Beginning with the very first line, please reproduce the entries exactly through the line containing "お散歩バッグも新作が数多く登".

★ ★ ★ ★ ★

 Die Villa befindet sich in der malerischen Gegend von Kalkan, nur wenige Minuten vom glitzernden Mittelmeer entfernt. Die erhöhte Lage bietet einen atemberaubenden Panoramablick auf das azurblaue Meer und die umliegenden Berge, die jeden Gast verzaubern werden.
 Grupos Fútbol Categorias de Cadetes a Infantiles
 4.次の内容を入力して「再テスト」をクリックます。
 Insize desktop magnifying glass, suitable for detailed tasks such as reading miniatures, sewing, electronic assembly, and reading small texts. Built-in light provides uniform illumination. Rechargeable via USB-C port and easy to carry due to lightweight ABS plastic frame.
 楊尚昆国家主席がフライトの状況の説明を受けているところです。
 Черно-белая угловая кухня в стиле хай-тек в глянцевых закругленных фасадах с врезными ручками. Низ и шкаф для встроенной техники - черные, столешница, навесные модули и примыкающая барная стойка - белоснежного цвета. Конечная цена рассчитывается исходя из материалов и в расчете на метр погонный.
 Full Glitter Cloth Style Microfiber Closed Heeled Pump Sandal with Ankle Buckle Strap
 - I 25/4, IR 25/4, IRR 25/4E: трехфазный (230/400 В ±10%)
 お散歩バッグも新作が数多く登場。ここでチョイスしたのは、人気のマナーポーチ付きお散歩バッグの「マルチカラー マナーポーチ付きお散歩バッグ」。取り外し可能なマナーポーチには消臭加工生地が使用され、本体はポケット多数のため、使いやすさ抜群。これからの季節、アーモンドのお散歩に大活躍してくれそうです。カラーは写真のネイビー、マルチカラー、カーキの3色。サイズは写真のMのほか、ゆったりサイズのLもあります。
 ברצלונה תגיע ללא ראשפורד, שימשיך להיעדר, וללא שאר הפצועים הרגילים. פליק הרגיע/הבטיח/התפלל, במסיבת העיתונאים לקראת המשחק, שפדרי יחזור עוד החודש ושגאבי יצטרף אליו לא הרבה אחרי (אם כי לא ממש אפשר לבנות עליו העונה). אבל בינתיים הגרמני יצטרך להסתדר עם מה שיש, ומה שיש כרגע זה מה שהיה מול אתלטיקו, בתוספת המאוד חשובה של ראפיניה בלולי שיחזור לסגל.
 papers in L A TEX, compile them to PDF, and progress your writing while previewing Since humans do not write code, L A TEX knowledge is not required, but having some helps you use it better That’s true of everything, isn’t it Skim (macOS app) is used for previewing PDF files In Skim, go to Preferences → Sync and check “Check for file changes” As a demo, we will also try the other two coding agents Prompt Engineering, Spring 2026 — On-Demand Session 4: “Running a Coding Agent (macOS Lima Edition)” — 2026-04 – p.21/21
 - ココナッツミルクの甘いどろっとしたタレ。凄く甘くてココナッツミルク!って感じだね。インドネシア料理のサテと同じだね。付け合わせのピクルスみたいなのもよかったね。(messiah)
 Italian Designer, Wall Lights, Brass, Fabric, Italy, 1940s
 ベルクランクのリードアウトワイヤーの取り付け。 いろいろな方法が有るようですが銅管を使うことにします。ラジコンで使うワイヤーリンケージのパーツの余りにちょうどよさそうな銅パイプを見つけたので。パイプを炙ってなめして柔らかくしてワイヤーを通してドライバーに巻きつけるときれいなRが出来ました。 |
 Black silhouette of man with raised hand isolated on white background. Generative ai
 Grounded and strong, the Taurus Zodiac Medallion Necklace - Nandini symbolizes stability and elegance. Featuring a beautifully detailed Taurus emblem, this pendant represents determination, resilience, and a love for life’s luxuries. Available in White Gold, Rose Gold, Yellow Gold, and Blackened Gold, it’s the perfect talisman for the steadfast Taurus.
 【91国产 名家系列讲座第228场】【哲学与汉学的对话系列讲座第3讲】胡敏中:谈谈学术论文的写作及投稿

★ ★ ★ ★ ★

### [Task response]
 Die Villa befindet sich in der malerischen Gegend von Kalkan, nur wenige Minuten vom glitzernden Mittelmeer entfernt. Die erhöhte Lage bietet einen atemberaubenden Panoramablick auf das azurblaue Meer und die umliegenden Berge, die jeden Gast verzaubern werden.
 Grupos Fútbol Categorias de Cadetes a Infantiles
 4.次の内容を入力して「再テスト」をクリックます。
 Insize desktop magnifying glass, suitable for detailed tasks such as reading miniatures, sewing, electronic assembly, and reading small texts. Built-in light provides uniform illumination. Rechargeable via USB-C port and easy to carry due to lightweight ABS plastic frame.
 楊尚昆国家主席がフライトの状況の説明を受けているところです。
 Черно-белая угловая кухня в стиле хай-тек в глянцевых закругленных фасадах с врезными ручками. Низ и шкаф для встроенной техники - черные, столешница, навесные модули и примыкающая барная стойка - белоснежного цвета. Конечная цена рассчитывается исходя из материалов и в расчете на метр погонный.
 Full Glitter Cloth Style Microfiber Closed Heeled Pump Sandal with Ankle Buckle Strap
 - I 25/4, IR 25/4, IRR 25/4E: трехфазный (230/400 В ±10%)
 お散歩バッグも新作が数多く登場。ここでチョイスしたのは、人気のマナーポーチ付きお散歩バッグの「マルチカラー マナーポーチ付きお散歩バッグ」。取り外し可能なマナーポーチには消臭加工生地が使用され、本体はポケット多数のため、使いやすさ抜群。これからの季節、アーモンドのお散歩に大活躍してくれそうです。カラーは写真のネイビー、マルチカラー、カーキの3色。サイズは写真のMのほか、ゆったりサイズのLもあります。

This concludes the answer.